** Work to complete **
Copy everything in the records exactly; the pictures stay out.
..........
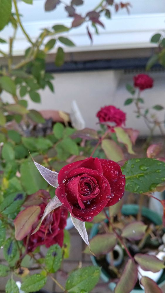 ①ミニバラ♥️昨夜の雨つゆで花びらが潤ってます
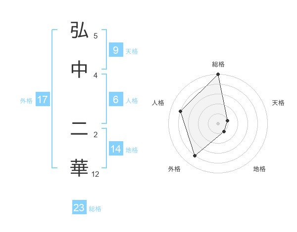 弘中 二華さんの総格は23画の5点
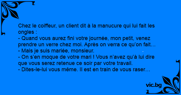 Chez le coiffeur, un client dit à la manucure qui lui fait les ongles :
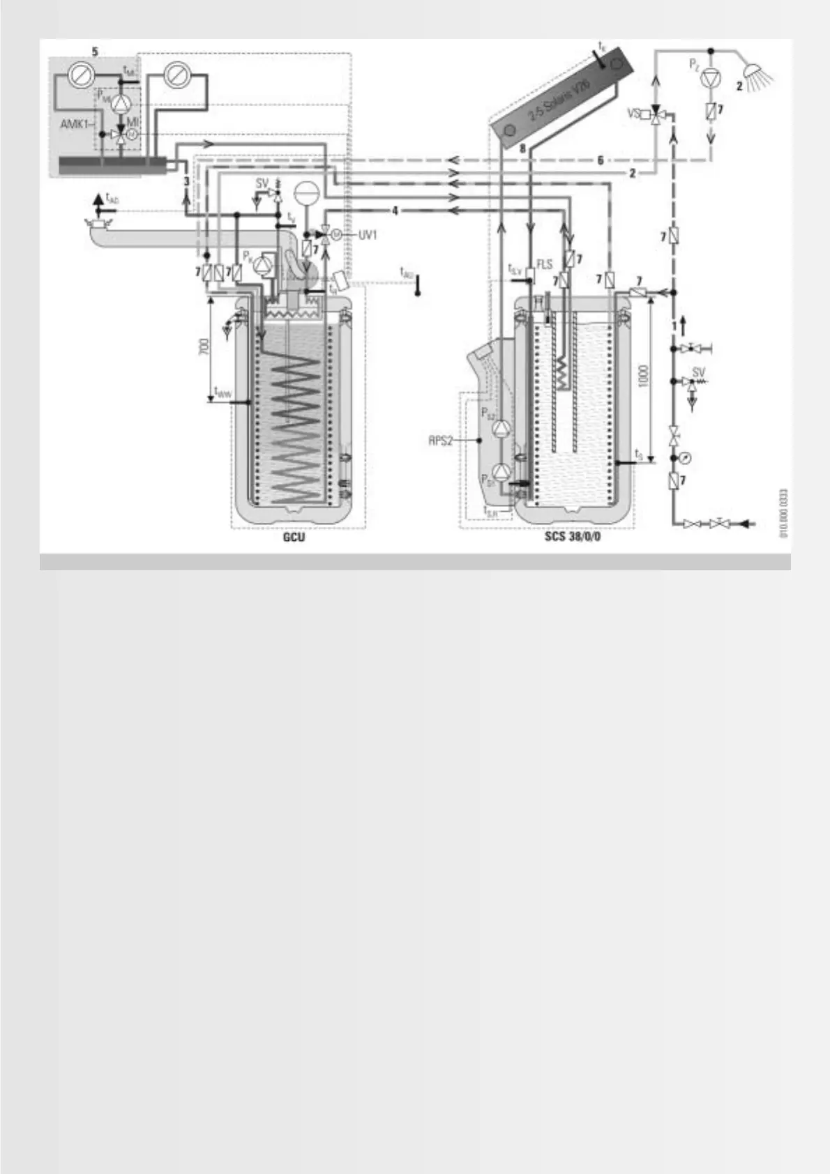 Fig. 5.3.7: Hydraulic system connection GCU with solar pre-heating
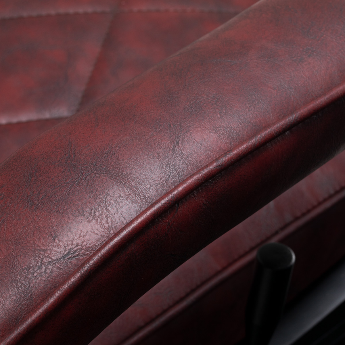 De solide ronde basisconstructie van de behandelstoel zorgt voor stabiliteit en uitstekend gebruikscomfort. De vulling van de zitting, gemaakt van vervormingsbestendig schuim, en de bekleding van zacht aanvoelend synthetisch leer met een matte afwerking zorgen voor een lange levensduur en comfort bij langdurig gebruik. Stijlvolle stiksels op de bekleding voegen karakter toe en doen denken aan autodesign, wat de elegante uitstraling versterkt. Deze eigenschap maakt de behandelstoel ook vochtbestendig, duurzaam en gemakkelijk schoon te maken. De bekleding in bordeauxrode tinten geeft de behandelstoel een uniek karakter en de minimalistische stijl zorgt ervoor dat hij naadloos past bij de inrichting van elke kapperszaak.
..........
** Answer to the exercise **
 ①ミニバラ♥️昨夜の雨つゆで花びらが潤ってます
 弘中 二華さんの総格は23画の5点
 Chez le coiffeur, un client dit à la manucure qui lui fait les ongles :
 Fig. 5.3.7: Hydraulic system connection GCU with solar pre-heating
 De solide ronde basisconstructie van de behandelstoel zorgt voor stabiliteit en uitstekend gebruikscomfort. De vulling van de zitting, gemaakt van vervormingsbestendig schuim, en de bekleding van zacht aanvoelend synthetisch leer met een matte afwerking zorgen voor een lange levensduur en comfort bij langdurig gebruik. Stijlvolle stiksels op de bekleding voegen karakter toe en doen denken aan autodesign, wat de elegante uitstraling versterkt. Deze eigenschap maakt de behandelstoel ook vochtbestendig, duurzaam en gemakkelijk schoon te maken. De bekleding in bordeauxrode tinten geeft de behandelstoel een uniek karakter en de minimalistische stijl zorgt ervoor dat hij naadloos past bij de inrichting van elke kapperszaak.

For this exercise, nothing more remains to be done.